In this blog entry we will explain such a mapping starting from a lab test defined by a LOINC test code. LOINC is a worldwide used system (not just a list of terms) for test codes used in healthcare, not only for lab tests, but also for vital signs and many other tests. LOINC coding is found (or even mandated) to be used in:
- HL7-v2 messages in hospital information systems (HIS)
- Interoperable electronic health records (HL7-v3, CDA/CCD, FHIR)
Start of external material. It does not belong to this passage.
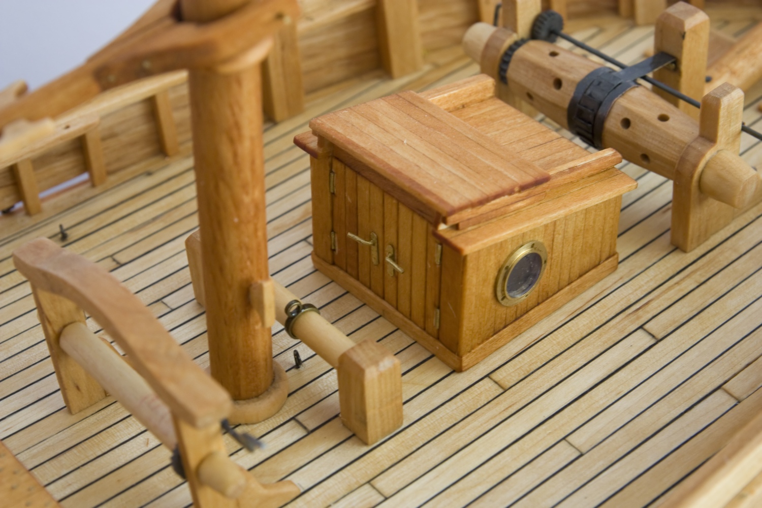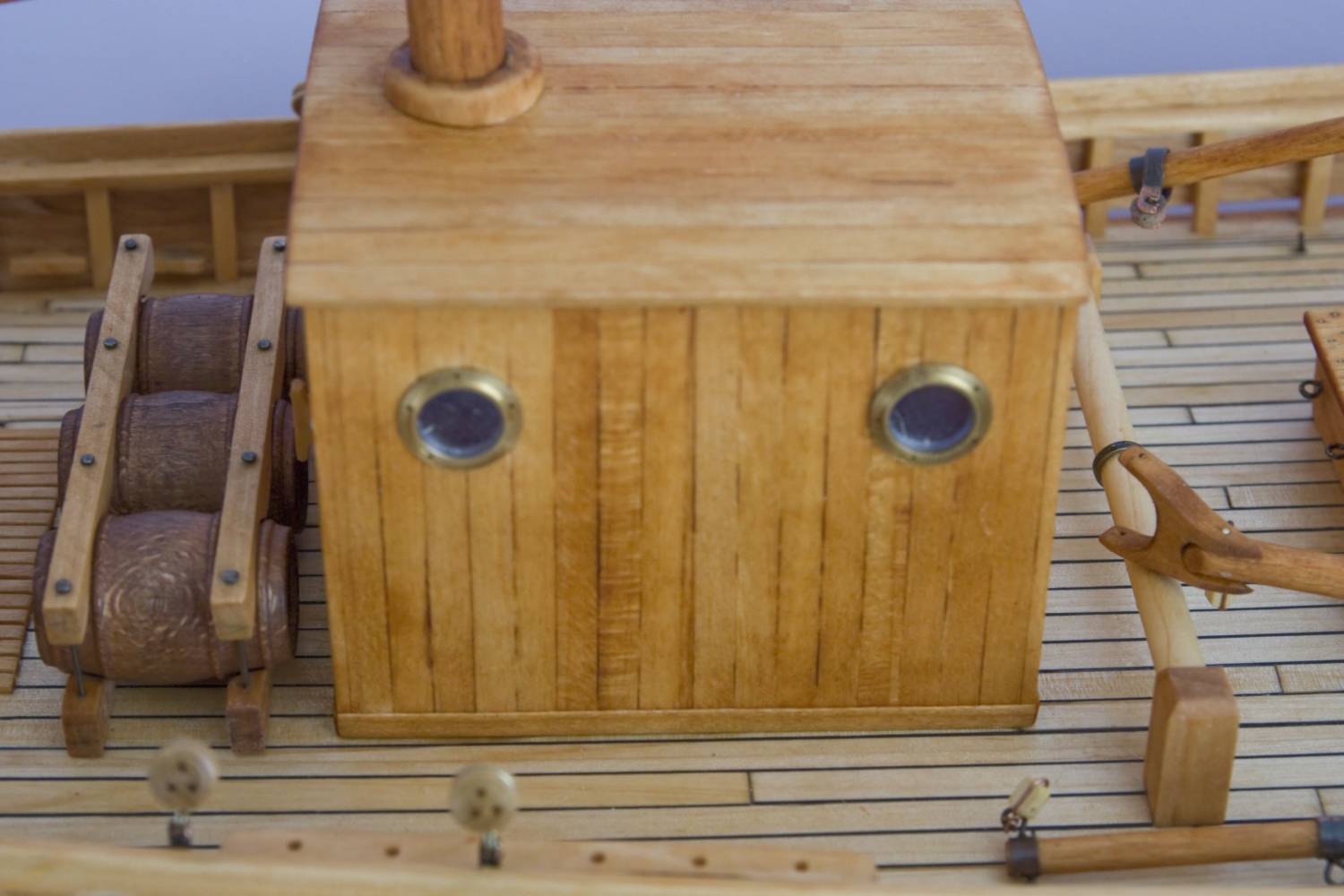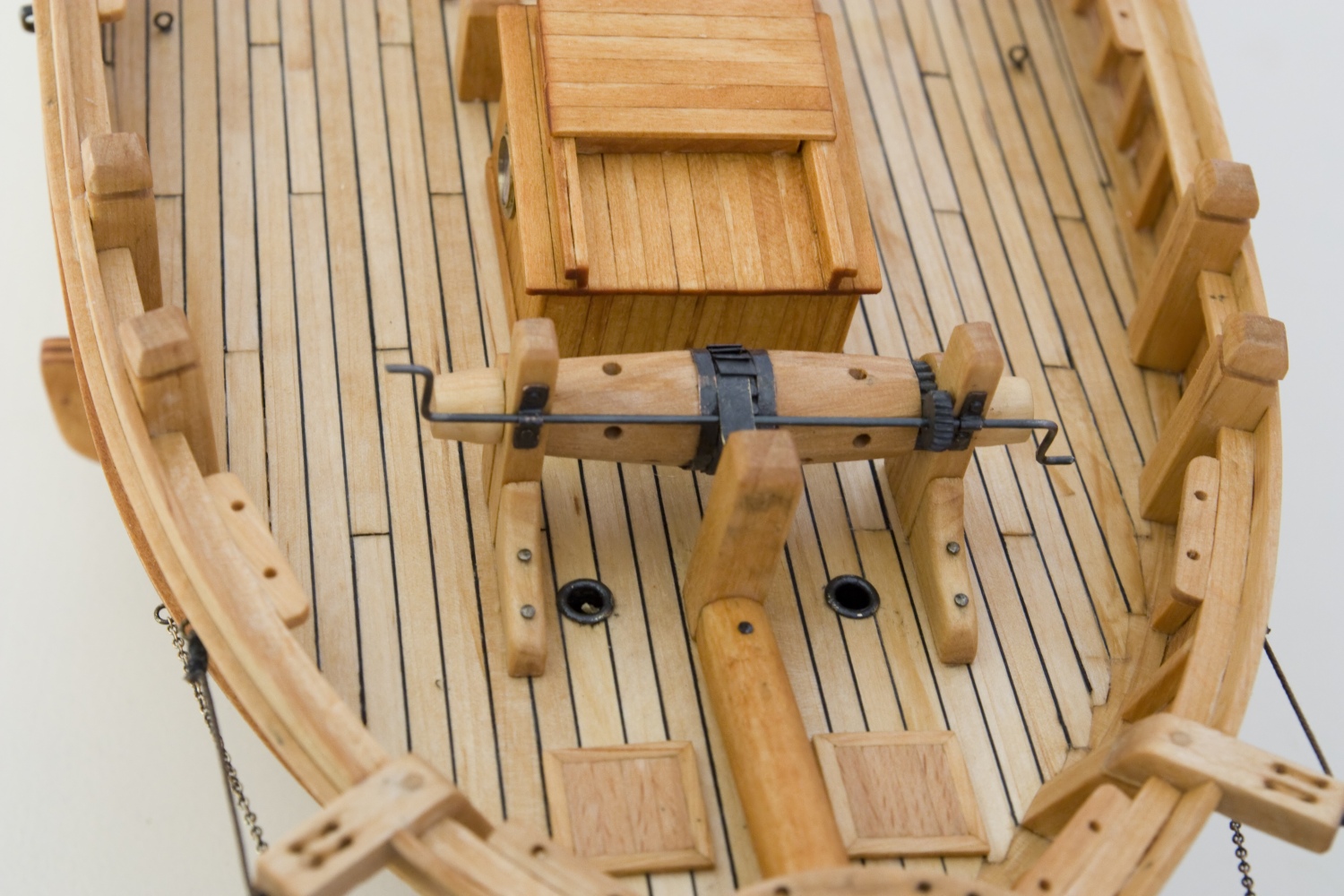 Kadłub wykonany jest z olchy a wszystkie nadbudówki z listewek z topoli i pomalowane bejcą olcha.

- messages that use the CDISC-Lab standard
The SDTM lab test codes however are used nowhere in the world except for SDTM submissions. CDISC however does not allow (yet) to use LOINC codes for use in LBTESTCD, this although the LOINC code uniquely describes the lab test, which the CDISC controlled terminology for LBTESTCD does not at all, even not when in combination with LBCAT, LBSPEC, LBMETHOD, ...
So unfortunately, we need to map from a universal system (LOINC) to a local system (only used in submissions). How can this be done?
Let us take an example.
The LOINC code 73710-6 uniquely defines the test "Weed Allergen Mix 209 (Common ragweed+Western ragweed+Giant ragweed) IgE Ab [Units/volume] in Serum by Multidisk". It is usually measured in k[IU]/L (thousand international units per liter). "k[IU]/L" is UCUM notation, which is again a system for units, and not just a list like the CDISC [UNIT] controlled terminology.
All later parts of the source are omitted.